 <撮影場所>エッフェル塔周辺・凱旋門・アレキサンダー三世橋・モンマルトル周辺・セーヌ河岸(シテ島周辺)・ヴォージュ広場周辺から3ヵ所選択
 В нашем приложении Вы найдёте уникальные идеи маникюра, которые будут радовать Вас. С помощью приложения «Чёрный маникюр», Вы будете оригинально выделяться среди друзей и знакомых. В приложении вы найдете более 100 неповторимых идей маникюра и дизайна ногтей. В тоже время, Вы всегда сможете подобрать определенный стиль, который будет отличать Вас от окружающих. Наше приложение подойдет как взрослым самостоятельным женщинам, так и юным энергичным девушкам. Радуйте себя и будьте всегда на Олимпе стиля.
---
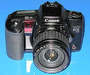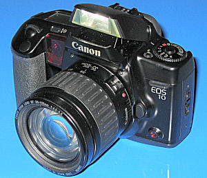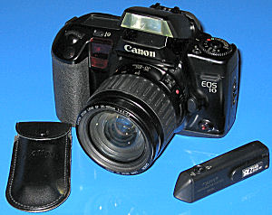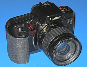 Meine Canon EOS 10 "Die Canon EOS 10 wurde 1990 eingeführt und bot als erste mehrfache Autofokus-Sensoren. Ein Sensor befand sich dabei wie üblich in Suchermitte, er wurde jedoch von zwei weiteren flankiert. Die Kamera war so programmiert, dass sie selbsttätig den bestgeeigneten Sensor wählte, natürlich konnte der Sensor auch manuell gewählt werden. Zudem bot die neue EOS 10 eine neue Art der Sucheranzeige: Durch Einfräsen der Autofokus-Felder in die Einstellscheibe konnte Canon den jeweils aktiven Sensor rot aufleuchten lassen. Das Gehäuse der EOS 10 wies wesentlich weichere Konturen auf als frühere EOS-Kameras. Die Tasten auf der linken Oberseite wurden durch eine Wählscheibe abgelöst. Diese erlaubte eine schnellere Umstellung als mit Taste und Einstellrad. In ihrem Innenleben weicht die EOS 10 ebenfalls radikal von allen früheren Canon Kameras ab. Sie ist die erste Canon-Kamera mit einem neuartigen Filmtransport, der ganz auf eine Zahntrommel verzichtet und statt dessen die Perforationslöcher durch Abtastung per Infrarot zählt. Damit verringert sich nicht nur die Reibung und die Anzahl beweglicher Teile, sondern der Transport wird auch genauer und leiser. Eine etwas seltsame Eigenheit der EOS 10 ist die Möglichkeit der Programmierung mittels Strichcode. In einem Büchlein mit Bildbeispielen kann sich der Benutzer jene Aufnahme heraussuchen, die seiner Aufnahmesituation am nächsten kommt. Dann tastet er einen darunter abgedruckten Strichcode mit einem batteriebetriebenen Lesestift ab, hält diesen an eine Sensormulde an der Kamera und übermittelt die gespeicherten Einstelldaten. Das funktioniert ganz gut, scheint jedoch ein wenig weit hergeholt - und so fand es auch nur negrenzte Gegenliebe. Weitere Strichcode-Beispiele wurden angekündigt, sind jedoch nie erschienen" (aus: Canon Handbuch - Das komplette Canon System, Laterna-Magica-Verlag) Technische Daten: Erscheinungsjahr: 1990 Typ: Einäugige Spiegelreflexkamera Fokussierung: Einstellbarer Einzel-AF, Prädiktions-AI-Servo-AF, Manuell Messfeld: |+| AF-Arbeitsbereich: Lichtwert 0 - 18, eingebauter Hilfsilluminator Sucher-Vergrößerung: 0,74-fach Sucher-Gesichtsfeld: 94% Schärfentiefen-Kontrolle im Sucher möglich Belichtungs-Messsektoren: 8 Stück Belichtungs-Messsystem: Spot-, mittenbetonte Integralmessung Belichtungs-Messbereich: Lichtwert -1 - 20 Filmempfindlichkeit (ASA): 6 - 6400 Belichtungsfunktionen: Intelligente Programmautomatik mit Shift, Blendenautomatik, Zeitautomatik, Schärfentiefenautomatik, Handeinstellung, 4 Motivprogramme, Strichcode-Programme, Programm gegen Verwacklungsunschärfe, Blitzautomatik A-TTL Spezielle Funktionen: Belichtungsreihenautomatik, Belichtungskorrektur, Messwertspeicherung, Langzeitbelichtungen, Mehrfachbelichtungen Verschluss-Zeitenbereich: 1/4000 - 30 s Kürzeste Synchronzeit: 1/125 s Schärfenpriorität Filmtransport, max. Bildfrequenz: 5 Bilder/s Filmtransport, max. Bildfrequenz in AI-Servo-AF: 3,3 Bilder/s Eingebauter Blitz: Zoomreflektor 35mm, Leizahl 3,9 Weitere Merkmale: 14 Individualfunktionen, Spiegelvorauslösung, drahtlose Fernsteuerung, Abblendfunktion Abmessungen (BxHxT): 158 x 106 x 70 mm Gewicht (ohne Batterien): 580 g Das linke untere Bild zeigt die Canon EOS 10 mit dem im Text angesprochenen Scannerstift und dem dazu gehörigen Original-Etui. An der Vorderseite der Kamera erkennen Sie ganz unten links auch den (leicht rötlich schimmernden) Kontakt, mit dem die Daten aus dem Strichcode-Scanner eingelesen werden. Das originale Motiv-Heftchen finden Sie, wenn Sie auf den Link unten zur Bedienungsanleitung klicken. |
==
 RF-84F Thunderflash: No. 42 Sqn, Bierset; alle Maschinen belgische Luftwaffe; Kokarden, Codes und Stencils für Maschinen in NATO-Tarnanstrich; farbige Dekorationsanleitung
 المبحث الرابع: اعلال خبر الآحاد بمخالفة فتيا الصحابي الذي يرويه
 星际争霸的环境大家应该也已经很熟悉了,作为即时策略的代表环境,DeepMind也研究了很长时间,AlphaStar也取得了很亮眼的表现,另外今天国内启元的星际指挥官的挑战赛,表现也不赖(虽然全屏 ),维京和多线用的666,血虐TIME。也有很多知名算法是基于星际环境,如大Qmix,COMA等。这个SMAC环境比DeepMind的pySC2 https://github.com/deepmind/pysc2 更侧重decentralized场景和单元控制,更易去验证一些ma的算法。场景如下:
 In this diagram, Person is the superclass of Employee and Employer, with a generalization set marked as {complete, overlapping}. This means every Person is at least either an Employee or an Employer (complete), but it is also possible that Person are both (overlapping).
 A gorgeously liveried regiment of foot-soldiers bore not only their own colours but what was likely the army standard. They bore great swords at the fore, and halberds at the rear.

▶ About this exercise:
Repeat word for word the lines above that run from the line containing "المبحث الرابع: اعلال" through the line containing "A gorgeously liveried", both ends included, and nothing else.

▶ Output:
 المبحث الرابع: اعلال خبر الآحاد بمخالفة فتيا الصحابي الذي يرويه
 星际争霸的环境大家应该也已经很熟悉了,作为即时策略的代表环境,DeepMind也研究了很长时间,AlphaStar也取得了很亮眼的表现,另外今天国内启元的星际指挥官的挑战赛,表现也不赖(虽然全屏 ),维京和多线用的666,血虐TIME。也有很多知名算法是基于星际环境,如大Qmix,COMA等。这个SMAC环境比DeepMind的pySC2 https://github.com/deepmind/pysc2 更侧重decentralized场景和单元控制,更易去验证一些ma的算法。场景如下:
 In this diagram, Person is the superclass of Employee and Employer, with a generalization set marked as {complete, overlapping}. This means every Person is at least either an Employee or an Employer (complete), but it is also possible that Person are both (overlapping).
 A gorgeously liveried regiment of foot-soldiers bore not only their own colours but what was likely the army standard. They bore great swords at the fore, and halberds at the rear.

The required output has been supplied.